I have implemented recursive descent and PEG-like parsers in the past, where you could do things like this:


Path -> Segment+
Segment -> Slash Name
Segment -> /
Name -> /\w+/
Slash -> /
  • where Segment+ means "match one or more Segment"
  • 其中段+表示“匹配一个或多个段”
  • and there's a plain old regular expression for matching one or more word characters with \w+
  • 还有一个普通的正则表达式,用来匹配一个或多个单词字符和\w+

How do you typically accomplish this same sort of thing with LR grammars/parsers? All of the examples of LR parsers I have seen are very basic, such as parsing 1 + 2 * 3, or (())(), where the patterns are very simple and don't seem to involve "one or more" functionality (or zero or more with *, or optional with ?). How do you do that in an LR parser generally?

如何用LR语法/解析器完成同样的事情?我所看到的LR解析器的所有示例都是非常基础的,比如解析1 + 2 * 3或(()),其中的模式非常简单,并且似乎不涉及“一个或多个”功能(或零或更多与*,或可选的)。如何在LR解析器中实现这一点?

Or does LR parsing require a lexing phase first (i.e. an LR parser requires terminal and nonterminal "tokens"). Hoping that there is a way to do LR parsing without two phases like that. The definition of an LR parser talks about "input characters" in the books/sites I've been reading, but then you see casually/subtly a line like:


The grammar's terminal symbols are the multi-character symbols or 'tokens' found in the input stream by a lexical scanner.


And it's like what, where did the scanner come from.


You can certainly write a scannerless grammar for a language, but in most cases it won't be LR(1), because 1 token of lookahead isn't much when the token is a single character.


Generally, LALR(1) parser generators (like bison) are used in conjunction with a scanner generator (like flex).




Whenever you have a parser operating on a stream of tokens, there is always the question of what produced the stream of tokens. With most parser generators, the grammar specification and the lexical specification of tokens are kept separate, mostly because the way the parser generator and lexer generator operate are different.


Adding regex operators to "the grammar" is convenient.

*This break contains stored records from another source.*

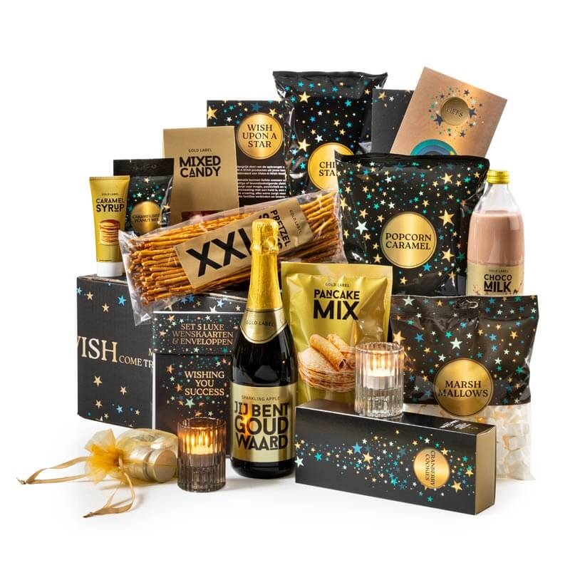 Een bijzonder en stijlvol kerstpakket met een feestelijke sterrenprint op diverse producten. Ze verwijzen je naar de stichting Make-A-Wish Nederland. Deze stichting heeft als missie om kinderen tussen 3 en 18 jaar met een ernstige, soms zelfs levensbedreigende ziekte, veerkracht en vertrouwen te geven door hun liefste wens te vervullen. Maak van deze kerst een wens die uitkomt. Een belangrijk deel van de opbrengst van de product Wish with a Star gaat naar Make-A-Wish Nederland.
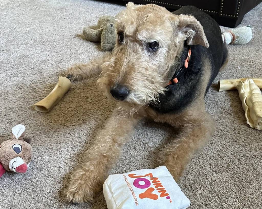 Deux Airedale Terriers qui obéissent au doigt et à l'œil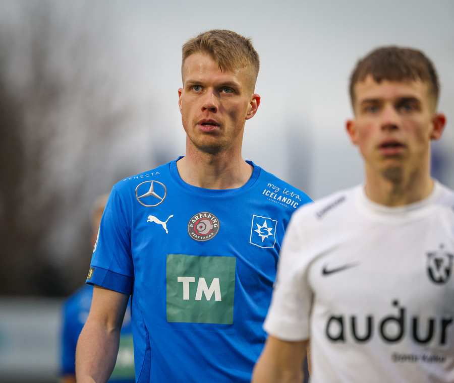 Mikið um stopp hérna síðustu mínútur. Örvar Eggertsson liggur eftir og virðist vera að koma af velli.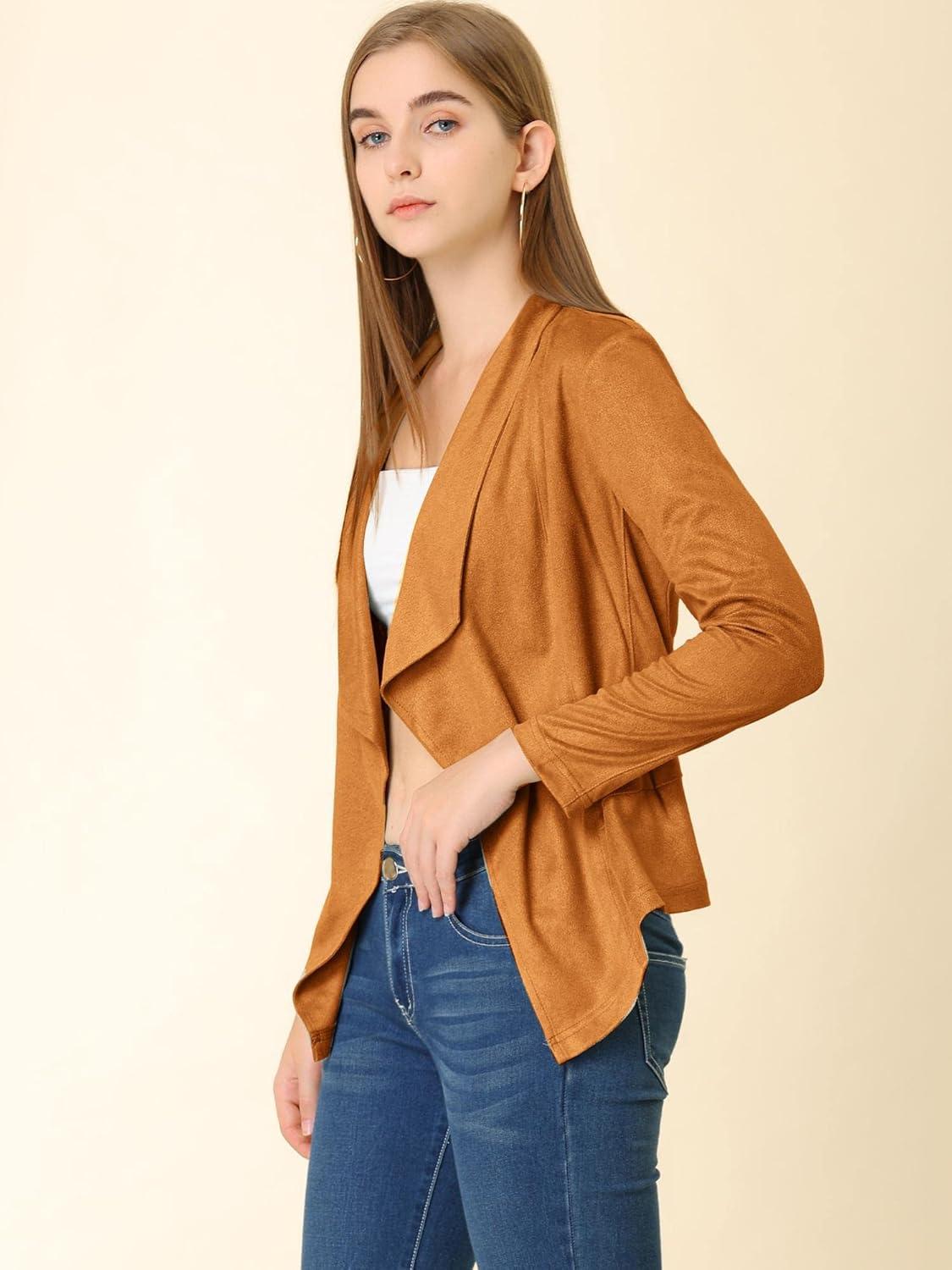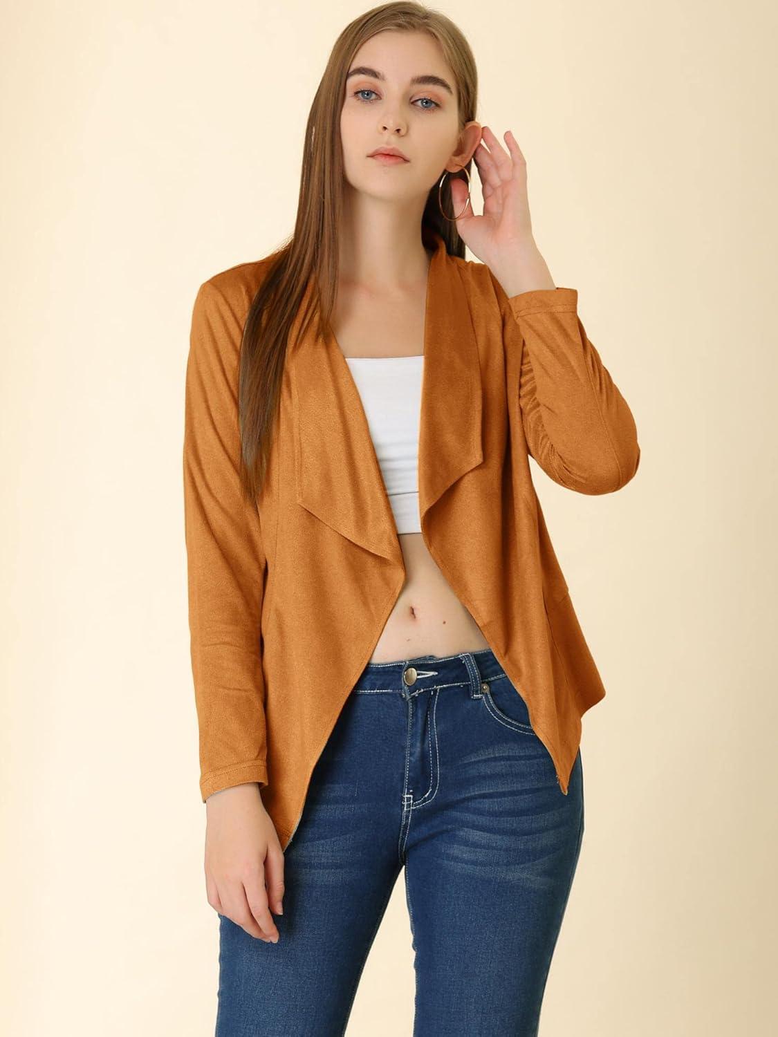 Allegra K Women Faux Suede Jacket Lapel Draped Open Front Cardigan Casual Trendy Suede Blazer(Caramel)

But they do not extend the power of context free grammars.


You have 3 choices for using regex-like operators in grammars.


1) Use them at the character level consistently across the grammar. If you do this, your parser operates with tokens being individual characters. This is likely to work badly with most parser generators, because the decision for most of them is based on the next input stream token only, in this case, a single character. To make this work you either need a backtracking parser or one that will try multiple paths through the space of alternative parses; LR and LL parsers don't do this. There are scannerless GLR parsers for which this would work, if you don't mind the additional overhead of GLR on a per character basis. (Also, if operating at the character level, you are likely to have explicitly specify whitespace and comment syntax).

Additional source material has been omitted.